Monday, March 22, 2010

New York public defender class action takes up issues in nonmetro counties, too

The New York Supreme Court will hear oral arguments tomorrow in a case in which the New York Civil Liberties Union is challenging the constitutionality of the state's public defender system. Read more about the suit here and access court filings here.

This story in the New York Times a few days ago reports the tale of one of the named plaintiffs, Kimberly Hurell-Harring, a young woman from Rochester who was poorly served by the public defender appointed to represent her when she was arrested for trying to smuggle less than an ounce of marijuana to her husband, a prison inmate in the Great Meadow Correctional Facility in Fort Edward, New York, population 5,892. Fort Edward is in upstate New York near the state line with Vermont, in Washington County, population 62,555.

Journalist William Glaberson describes the story as one of "a small-town lawyer and part-time public servant sinking in personal and professional quicksand that few people knew about when he showed up to represent" Hurell-Harring.

Elsewhere, Glaberson's report suggests ways in which small-town characteristics influenced events.
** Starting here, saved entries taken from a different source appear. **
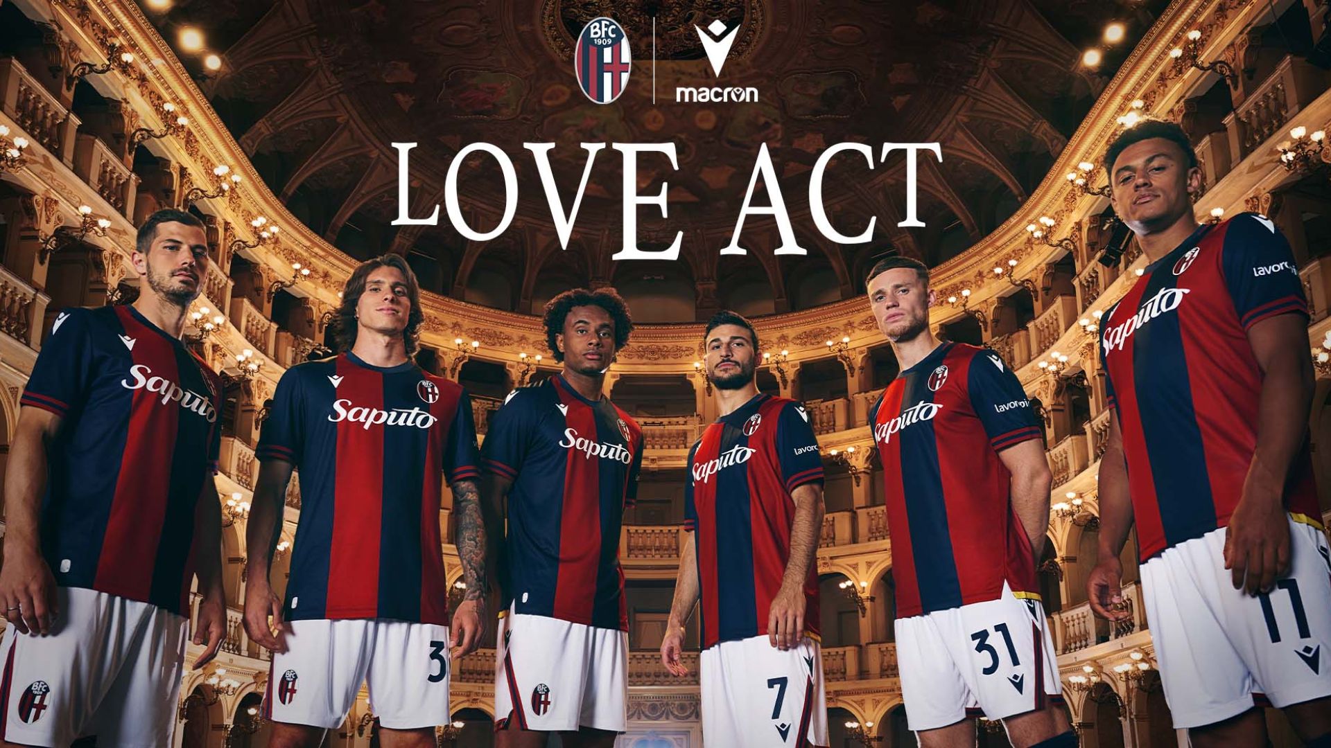 Il nuovo kit Home del Bologna FC 1909 è stato presentato attraverso un photoshooting realizzato al Teatro Comunale di Bologna, con una campagna intitolata “Love Act – Atto d’Amore” a sottolineare il fantastico percorso compiuto dalla squadra in simbiosi con una tifoseria sempre più calda e appassionata. Una divisa casalinga che alla tradizione unisce innovazione tecnica e stilistica. Per la prima volta il Bologna ha infatti optato per il tessuto jacquard Eco Exalock, caratterizzato da una fine trama all-over e da un differente ‘look and feel’ rispetto ai tradizionali tessuti tecnico-sportivi. Una scelta che unisce funzionalità, eleganza dei dettagli e riferimenti identitari e alla storia del club. Il nuovo kit conferma inoltre l’impegno condiviso tra club e sponsor tecnico sui temi dell’ambiente e della sostenibilità, essendo interamente realizzato con tessuti Eco Fabric, al 100% provenienti da plastica riciclata.
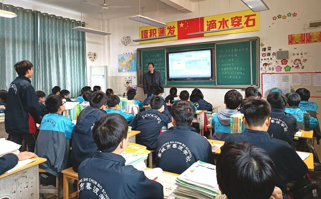 3月8日下午第二节课,孙茜明老师在初二3班上了一堂课题为《二力平衡》的物理公开课。他通过“平衡状态”、“二力平衡的条件”、“二力平衡条件的应用”三个知识点展开此次课堂教学。
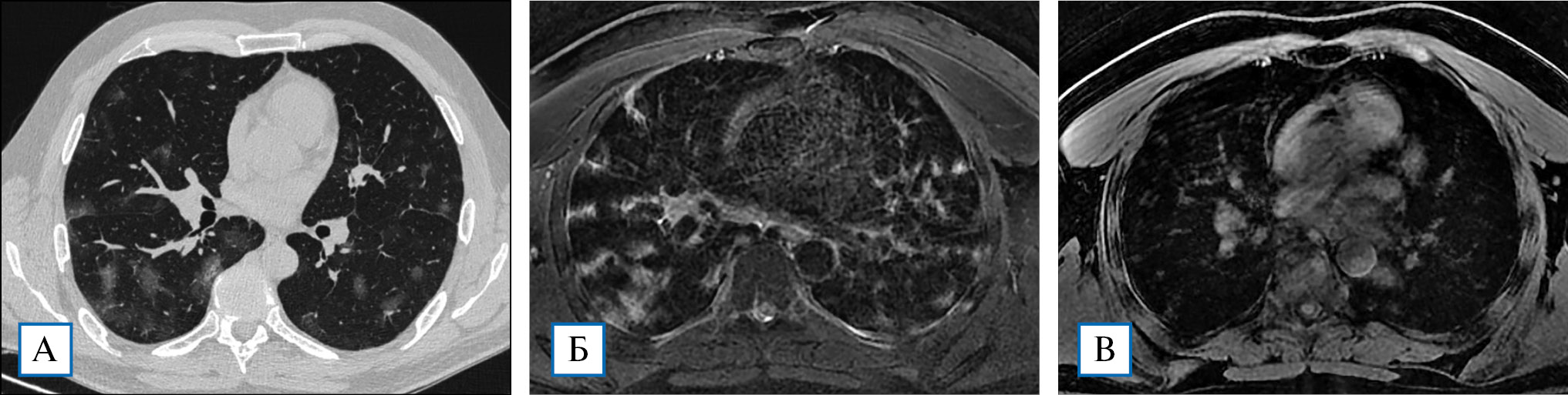 Рис. 1. Пациент, 53 года, выявляются множественные участки «матового стекла», расположенные во всех долях, преимущественно перибронховаскулярно, с нечеткими контурами — стадия КТ2 (А); аналогичные по размерам, количеству и локализации гиперинтенсивные участки визуализируются на Т٢-сканах, полученных с помощью импульсной последовательности PROPELLER FS (Б); на Т1-ВИ описанные выше изменения практически не видны (В)
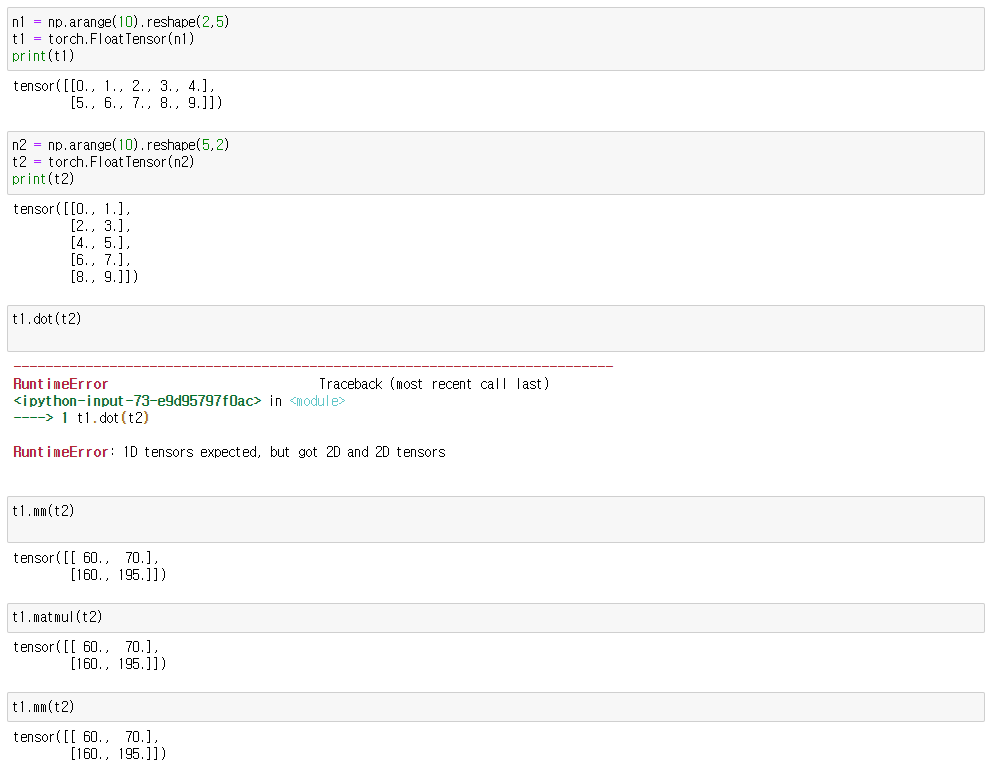 dot와 mm과 matmul을 계산해보면 dot는 곱셈연산을 사용할 수 없다.
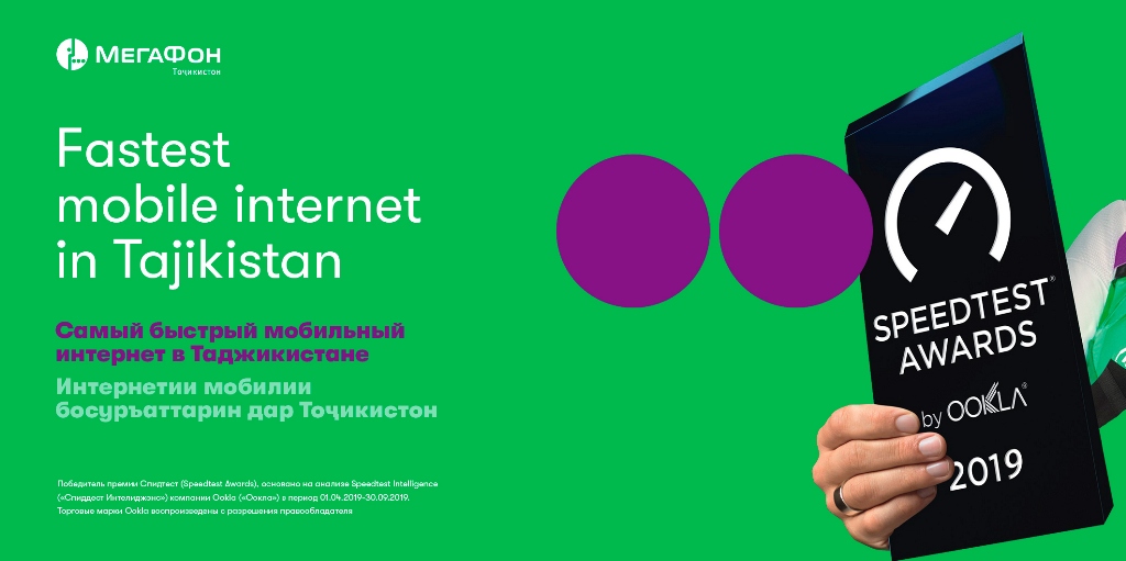 Компания Ookla, разработчик популярного мобильного приложения SpeedTest, опубликовала итоги независимого исследования скоростей мобильного интернета. Впервые в международный рейтинг Ookla включены данные по операторам Республики Таджикистан. Лучшие результаты в 2019 году по итогам замеров интернет-пользователей продемонстрировал МегаФон Таджикистан.
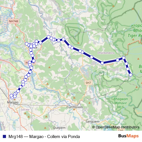 The first stop of the Mrg148 bus route is Collem and the last stop is Margao KTC Bus Stand. Mrg148 (Margao - Collem via Ponda) is operational during everyday.

These include lack of anonymity--that is, the public defender, Patrick E. Barber, was known among those in the Washington County jail for doing a crummy job.
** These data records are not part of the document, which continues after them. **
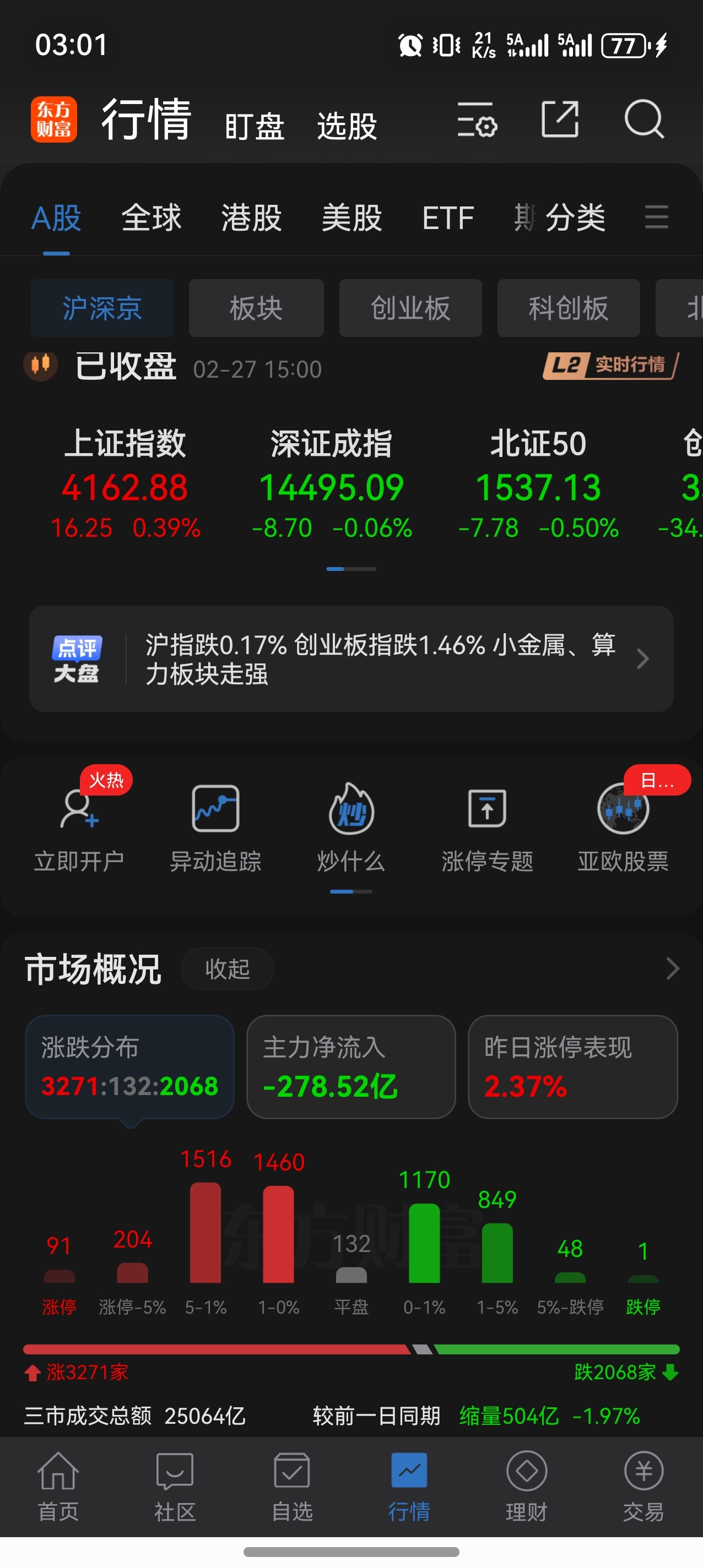 2月27日A股震荡分化、企稳收涨。沪指收4162.88点,涨0.39%,深成指、创业板小幅回调,指数强弱分化明显。两市成交额约2.54万亿元,量能维持活跃,个股涨多跌少,市场情绪保持稳健。盘面呈高位整固、结构轮动格局。早盘低开后依托5日均线快速回升,金融、有色、电子通信等板块发力护盘,资金弃高就低,低位蓝筹与硬核科技更受青睐,高位题材股有所分化。技术面,沪指短期支撑4120-4130点有效,上方4180点附近存在压力,震荡消化获利盘为主。操作建议不追高,聚焦业绩与政策主线,控仓参与轮动,耐心等待方向明朗。
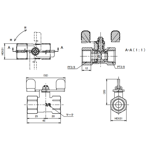 G3/8xRc3/8ボールバルブ 真鍮製/蝶ハンドル
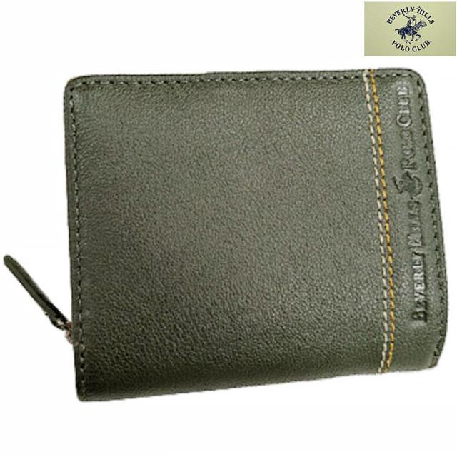 〓BEVERLY HILLS POLO CLUB〓 二つ折り財布/ファスナー小銭入れ付◆牛革◆グリーン系◇ ポスト投函便可 61B404-50

Another has to do with rural economies and local government. Counties like Washington County apparently have populations so small that case loads do not merit full-time, institutional public defender offices. An economy of scale for delivering indigent defense services can apparently not be achieved, so the county hires one or more part-time public defenders. One of these was Barber. Counties typically do not supervise such lawyer/contractors, and in many instances their caseloads are crushing, especially when added to the private practice work they often also maintain. Here's an excerpt from the Times story about how Washington County came to engage Barber to do the indigent defense work.

There was not much in the way of vetting when [the lawyer] put in a cost-conscious bid to become Washington County’s chief public defender, a part-time position he added to his private practice of trial work, debt collections, wills and divorces. It was quickly settled. Beginning in 2006, he would get $50,000 a year and some rent for the office he had shared with a law partner who had recently died. “We have to have a good reason not to take the low bid,” said John A. Rymph, the chairman of the County Board of Supervisors.
Local government financing of indigent defense is a subject about which I (along with Beth Colgan of Columbia Legal Services) have an article forthcoming in the Arizona Law Review. It's called Justice Deserts: Spatial Inequality and Local Funding of Indigent Defense and can be downloaded here.